Supplied material:
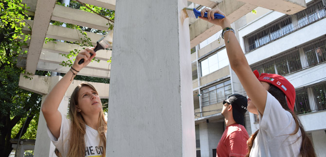 Ximena Zamorano, de la Oficina de Coordinación Social, dijo que ¨ Locos por Cali¨ es un grupo de jóvenes que vienen trabajando por la ciudad y hoy se han reunido para pintar las pérgolas y barandas del río, con una donación que recibieron de una persona que se ganó el concurso Por Cali Lo Hago Bien.
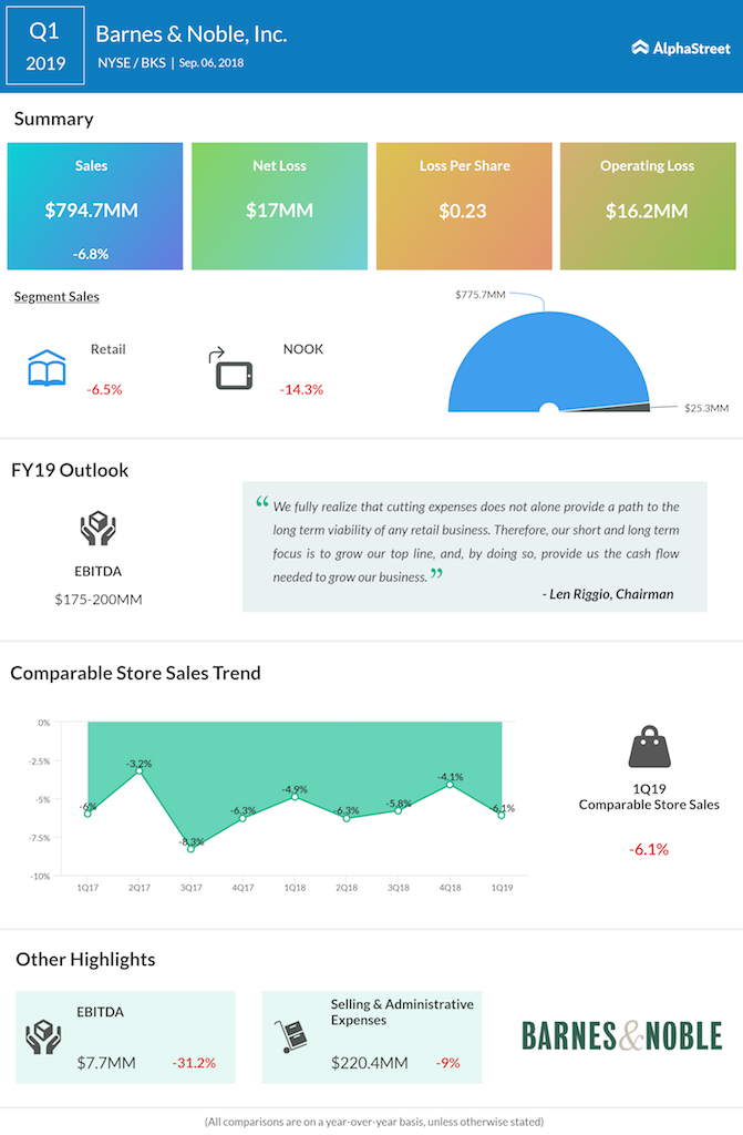 Barnes & Noble Inc. (BKS) missed estimates on revenues and earnings for the first quarter of 2019. The retailer reported total sales of $795 million, down 6.9% from the same period last year. Comparable store sales fell 6.1%.
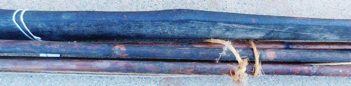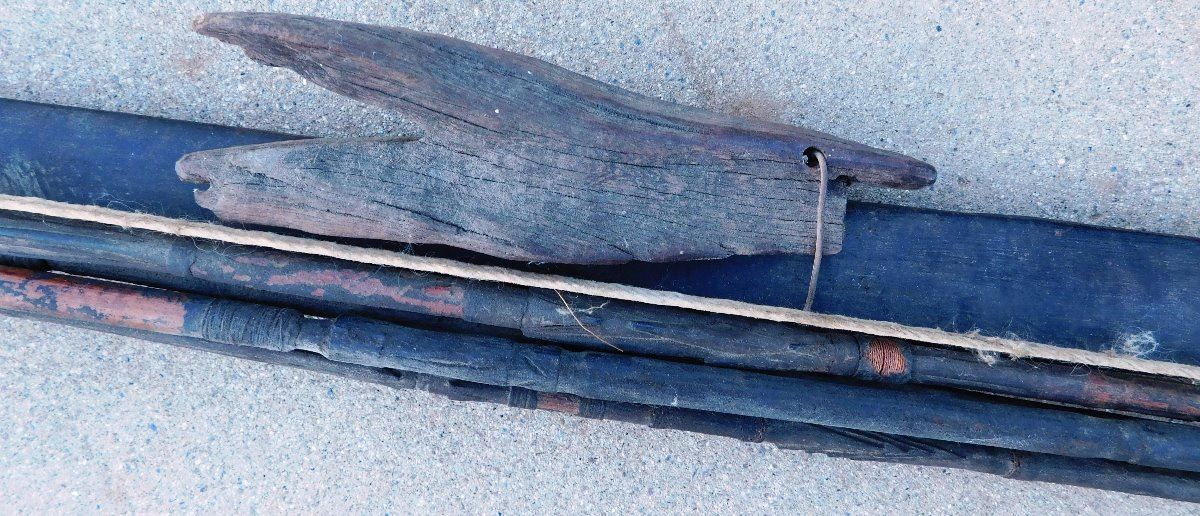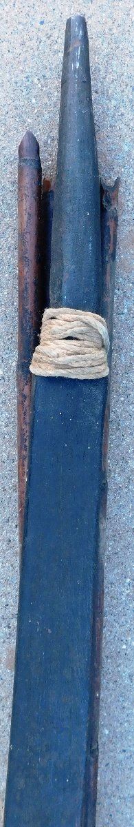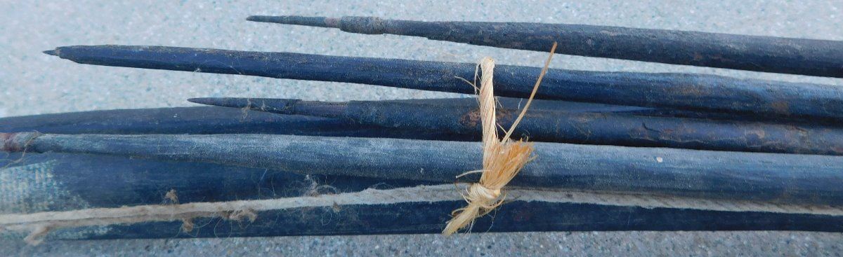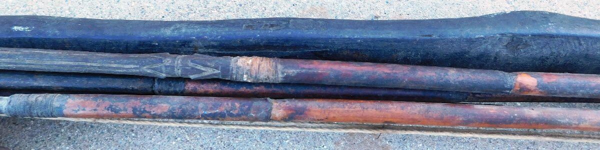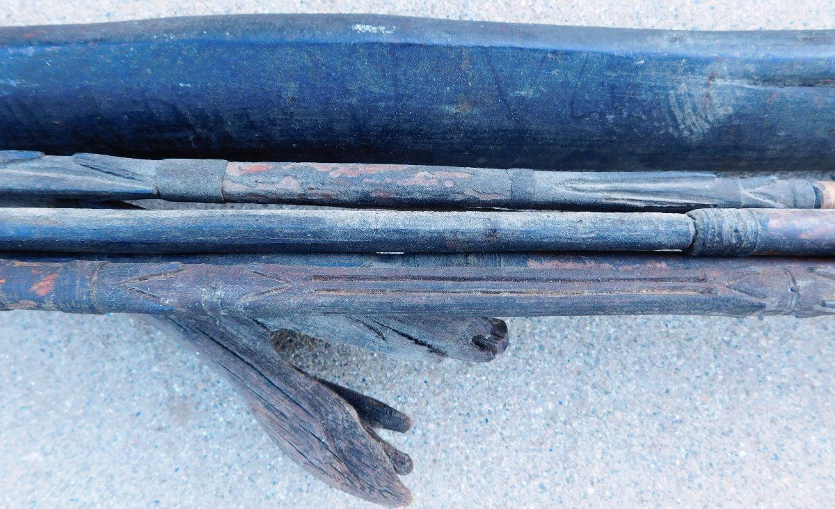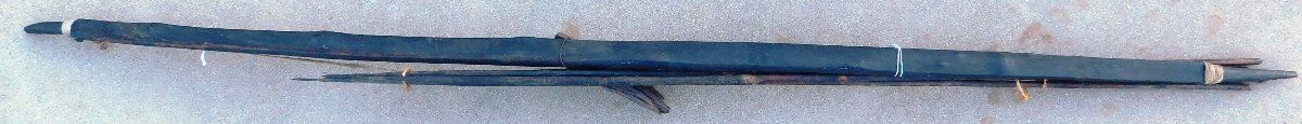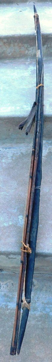 New Guinea Bow & Arrows, circa WWII. Made of hardwood and bamboo, the bow measures 65" x 1.5" and the 4 arrows are 45" to 48" long. Papua New Guinea. Has wood fetish tied to bow. Condition: Some damage and wear, see images. Shipping: $75.00 USA estimate only, due to length, w/insurance and signature. Auction house will not ship foreign; international buyers will be responsible for the export of this item.
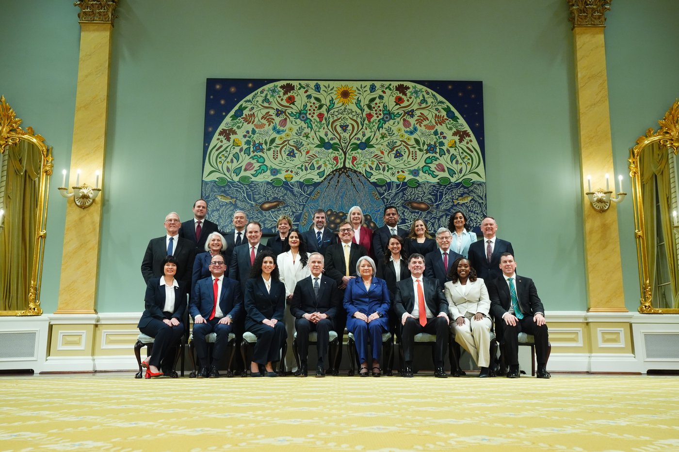 Elle a noté que le cabinet était fortement réduit et que M. Carney avait exclu plusieurs responsabilités des titres des ministères, dont le statut de la femme, le travail, les relations Couronne-Autochtones et les langues officielles.
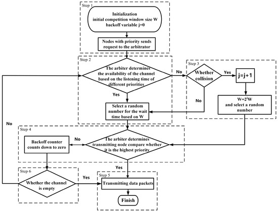 The following is a description of the protocol steps for the Preemptive-Resume Priority 802.11 CSMA/CA [48] with an arbiter in this article; the flowchart is shown in Figure 5.
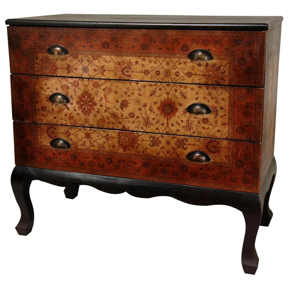 A simple, beautifully designed and proportioned three drawer chest, with elegant Queen Ann style carved legs and apron, complimenting the lovely, European design faux leather finish. The drawer fronts are decorated with subtle, muted colors in an attractive old world design, attractively accented by unique, distinctive drawer pulls. The size and shape as well as the elegant finish have made this a particularly popular design. A great hall chest, a small server, a large end table or night stand, or a lovely accent cabinet in a living or family room.
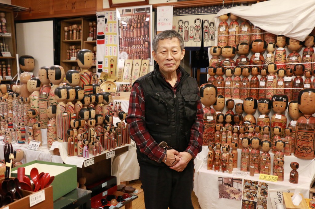 阿部さんは、「阿部始漆器店」と「阿部始こけし店」という二つの看板を掲げるお店の店主。
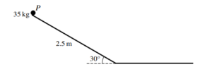 A slide in a playground descends at a constant angle of 30° for 2.5 m. It then has a horizontal section in the same vertical plane as the sloping section. A child of mass 35 kg, modelled as a particle \( P \), starts from rest at the top of the slide and slides straight down the sloping section. She then continues along the horizontal section until she comes to rest (see diagram). There is no instantaneous change in speed when the child goes from the sloping section to the horizontal section.
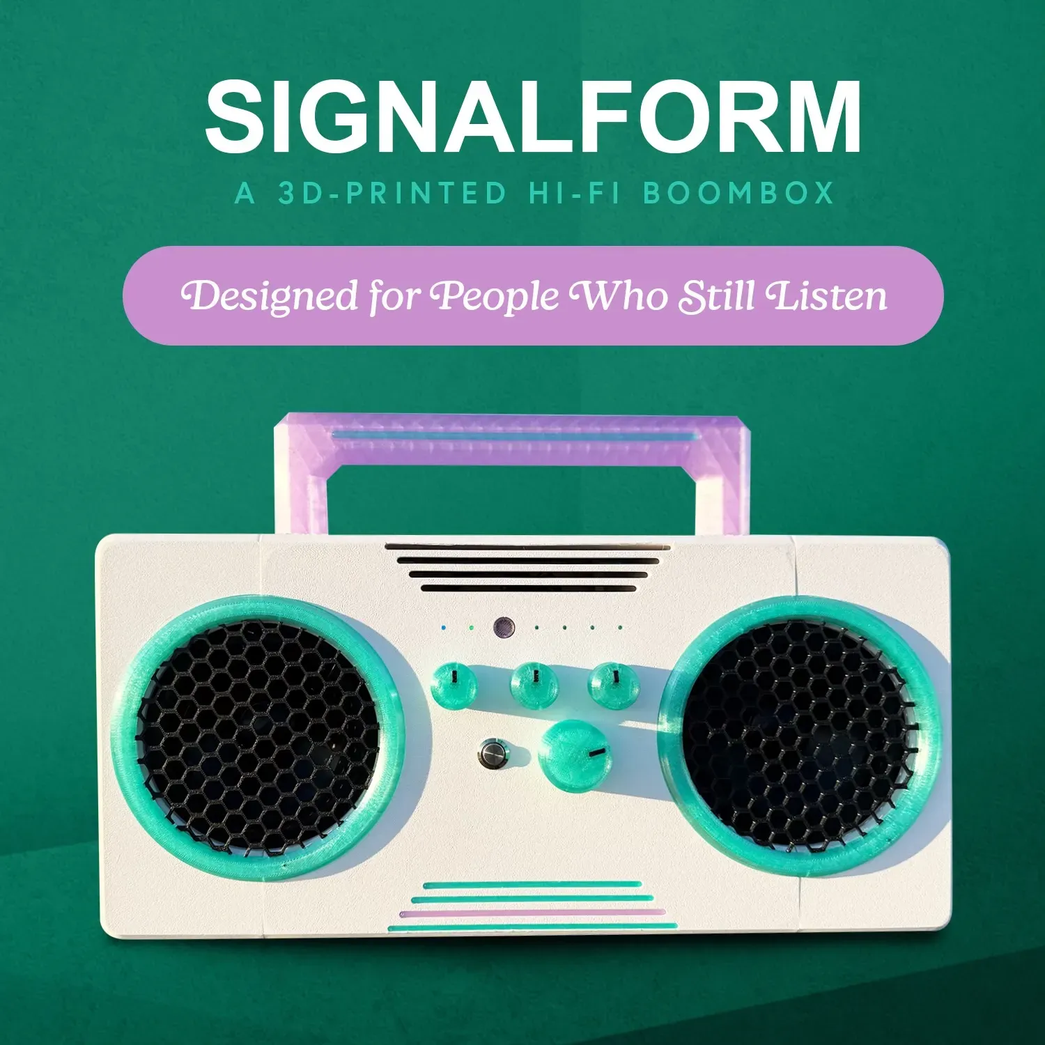 But Eric did not stop there. Once again drawing on his own life story, he decided to create another project - the SignalForm, a 3D printed boombox project.
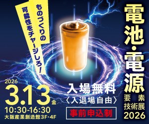 ゼネラル株式会社は、2026年3月13日(金)に、大阪産業創造館3F・4Fで開催されます”電池・電源要素技術展2026”に出展を予定しております。
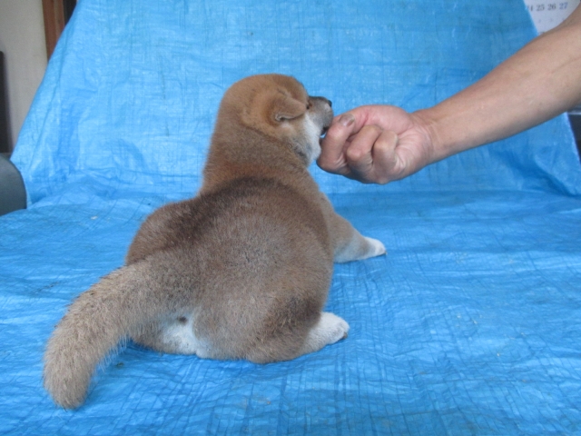 初めて見学で伺った際に、並んで日向ぼっこをしている親犬たちを見て、その時点で高橋さんなら安心だと感じました。事前に希望していたこともあり、母犬と父犬を先に見せていただきましたが、母犬のあまりの人懐こい性格にやられてしまい、実は子犬を見る前に是非譲っていただこうという気持ちになっておりました。 見学の時、譲渡の時といろいろな話をさせてもらい、小さな気付きなども折り込んで教えてもらえるのでやはり柴犬ならこうした専門の方が信頼出来ます。 子犬が我が家に来て二週間が経ち、きょうだいのなかでも一回り小さかったこともあり、やはり成長もやや遅い感じではありますが、母性を刺激された先住犬が頑張って見守ってくれており、予想外ではあるものの家族全員一安心です。 この度は本当にありがとうございました。この子が幸せになれるよう精一杯向き合っていきます。 なお、今後検討されている方への注意事項をひとつだけ書いておきます。問い合わせや見学希望に対しての高橋さんからの返信は電話です。メールでの返信ではありませんので気を付けてください。(宮城県 男性)
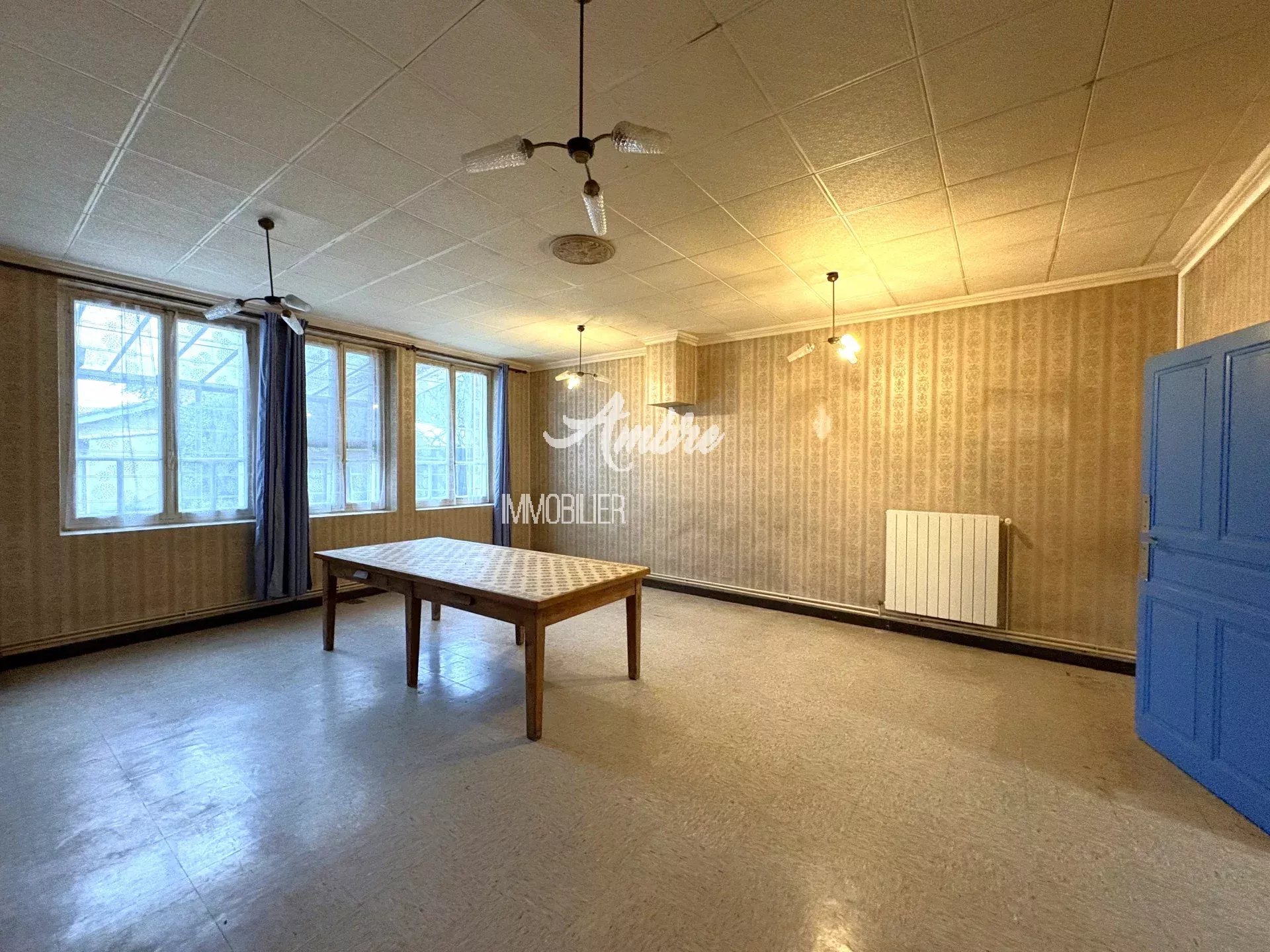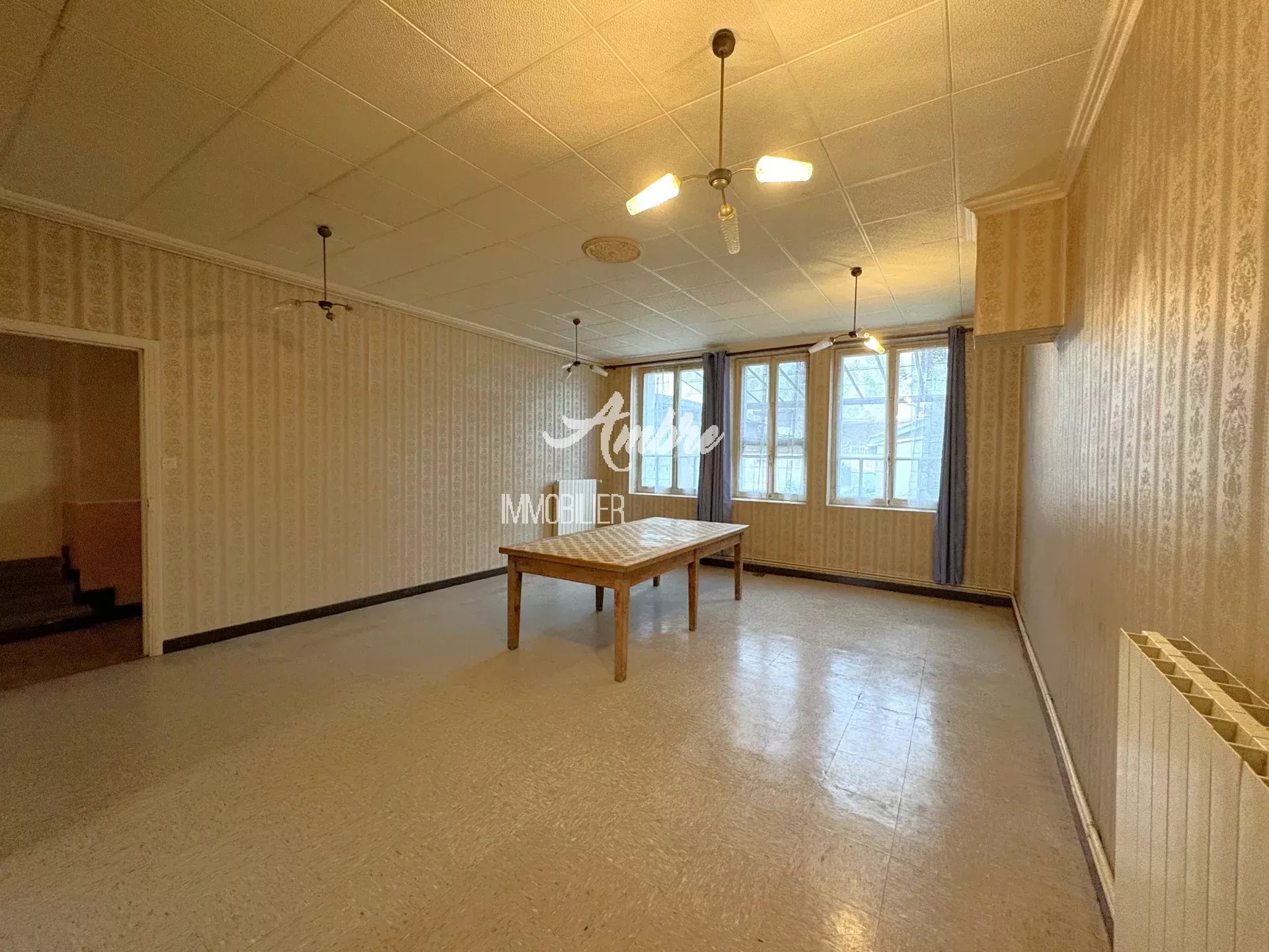 Idéalement située à deux pas du centre du village, maison de rue de 139 m², type 6, à rénover. Description : Au rez-de-chaussée : un hall d’entrée, un séjour, une cuisine, un dégagement, une salle d’eau, un WC indépendant et une cave. À l’étage : trois grandes chambres et un bureau avec accès aux combles aménageables d’environ 70 m². En plus : deux abris de jardin de 23 m² et 11 m², ainsi qu’une petite dépendance de 5 m². Chauffage central au gaz de ville. L’ensemble se situe sur une parcelle de 250 m², avec une partie de jardin exploitable d’environ 100 m². Maison alliant le charme de l'ancien et la proximité des commodités, à rénover selon vos envies et besoins. À découvrir !

Task prompt:
Beginning with the line that contains "Barnes & Noble" and ending with the line that contains "New Guinea Bow", reproduce the listing exactly, pictures excluded.

Output for this task:
 Barnes & Noble Inc. (BKS) missed estimates on revenues and earnings for the first quarter of 2019. The retailer reported total sales of $795 million, down 6.9% from the same period last year. Comparable store sales fell 6.1%.
 New Guinea Bow & Arrows, circa WWII. Made of hardwood and bamboo, the bow measures 65" x 1.5" and the 4 arrows are 45" to 48" long. Papua New Guinea. Has wood fetish tied to bow. Condition: Some damage and wear, see images. Shipping: $75.00 USA estimate only, due to length, w/insurance and signature. Auction house will not ship foreign; international buyers will be responsible for the export of this item.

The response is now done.